Hind
The Horse Sacrifice
McPherson
Explore Yourself
Sutherland
Timeless Odyssey
Wood
Crying Bird, Echoing Star
Hughes
The Sibyl of Cumae
[All London premieres]
Louise Mott (mezzo-soprano)
The New Music Players
Patrick Bailey
Roger Montgomery
Reviewed by: Richard Whitehouse
Reviewed: 6 June, 2003
Venue: Purcell Room, London
Founded in 1990, the New Music Players have pursued an individual approach to commissioning and performance. The present concert featured five works, written in the last three years, by a diverse quintet of British composers.
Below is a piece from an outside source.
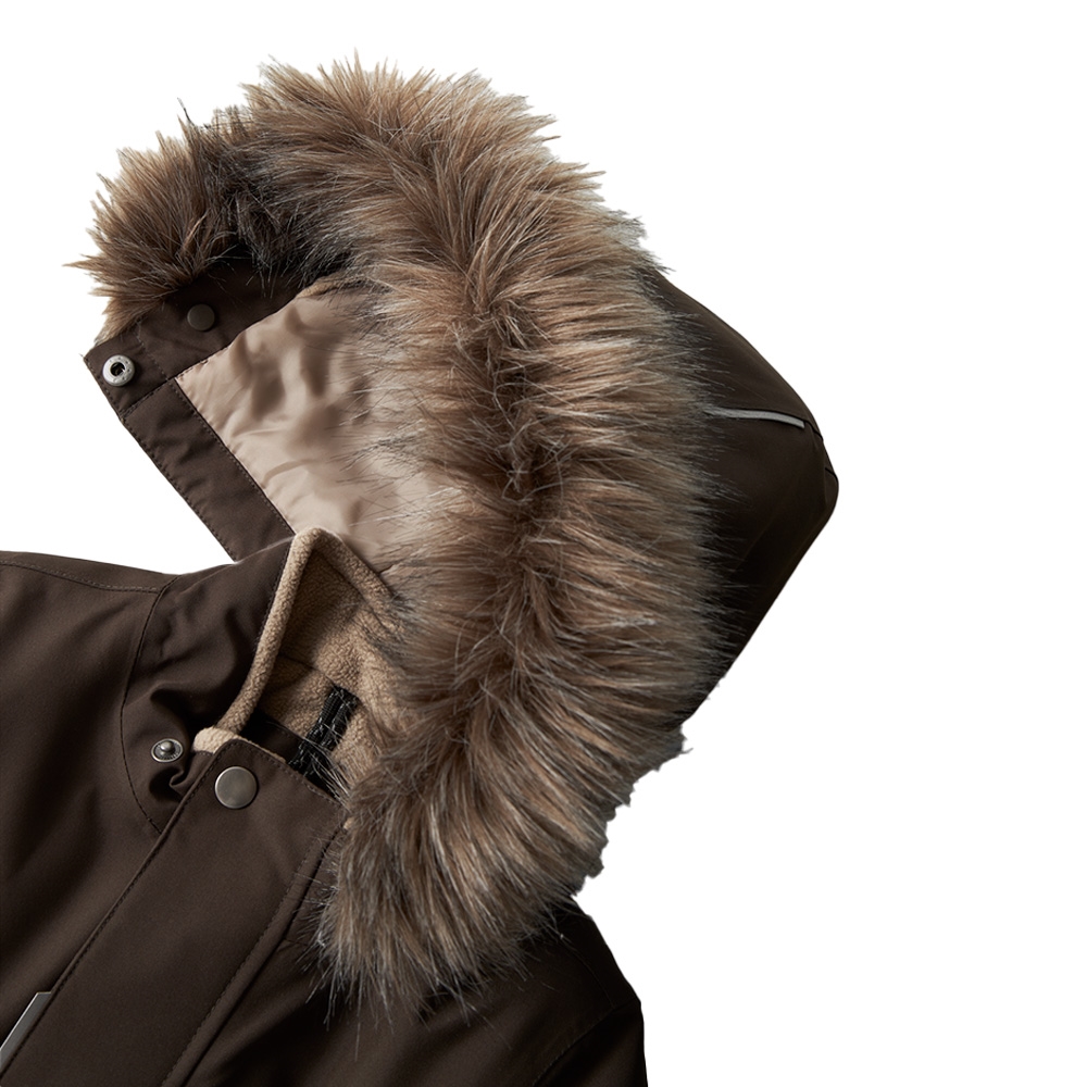 • Detaljer: Dekorative reflekterende detaljer, Aftagelig hætte af hensyn til sikkerheden, Aftagelig syntetisk pelsdetalje , Elastisk talje, Isoleret sædeområde, der holder dit barn varmt, mens det sidder ned udenfor, Lynlåsbeskyttelse for at forhindre, at lynlåsen får fat i huden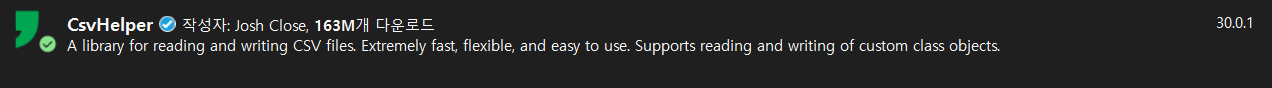 1. 'CsvHelper' Nuget 패키지 설치

Long respected as an interpreter of and advocate for contemporary piano music, Rolf Hind has begun to build a reputation as a composer. Inspired by Vedic ritual, The Horse Sacrifice (2001) opens with aggressive and fragmented music, after which the cello is placed in a productive concertante role within the ensemble. If the final section, with gong and bell timbres gradually fading into silence, seems overlong in context, the coherence and evocative quality of the work’s overall progress is never in doubt. A striking contrast with Explore Yourself (2000) – Gordon McPherson’s hectic study in rhythmic interaction, in which six musicians belatedly wind down to a general pause, only to take off afresh in the final seconds. Ensemble interplay in Rowland Sutherland’s Timeless Odyssey (2000) is altogether more restrained, each instrument coming to the fore in music whose modal inflection has an attractively archaic feel – notably the extemporised final section, its rhythms evoking the stylised dances of Spain’s ’Golden Age’.
James Wood employs twelve different bird-songs and twelve different star-patterns from which to derive the melodic and harmonic elements of Crying Bird, Echoing Star (2002). Flute and clarinet engage with violin and cello in an intricate discourse – the piano providing an enfolding resonance in more inward passages, and the two types of motion find an equivocal but poetic accommodation in the closing minutes. Founder and Artistic Director of the New Music Players, Edward Dudley Hughes is a composer of some individuality, though The Sibyl of Cumae (2001) is only a qualified success. Tom Lowenstein’s text, earthbound rather than evocative, depicts the priestess of Apollo in her various fraught emotional states. Hughes complements this with vocal writing whose declamatory and lyrical elements were ably handled by Louise Mott, and an ensemble rich in expressive detail – though continuity between the eight monologues is somewhat tenuously maintained, and the intensity of the overall cycle is unevenly sustained at best.
An enterprising concert even so, and worth savouring on the New London Players’ recent CD (London Independent Records LIR003) of all five works: skilfully directed – as for this concert – by Patrick Bailey and Roger Montgomery, and recorded (in Kentish Town’s Church of St Silas the Martyr) with a spatial depth that the Purcell Room, for all its immediacy, does not possess.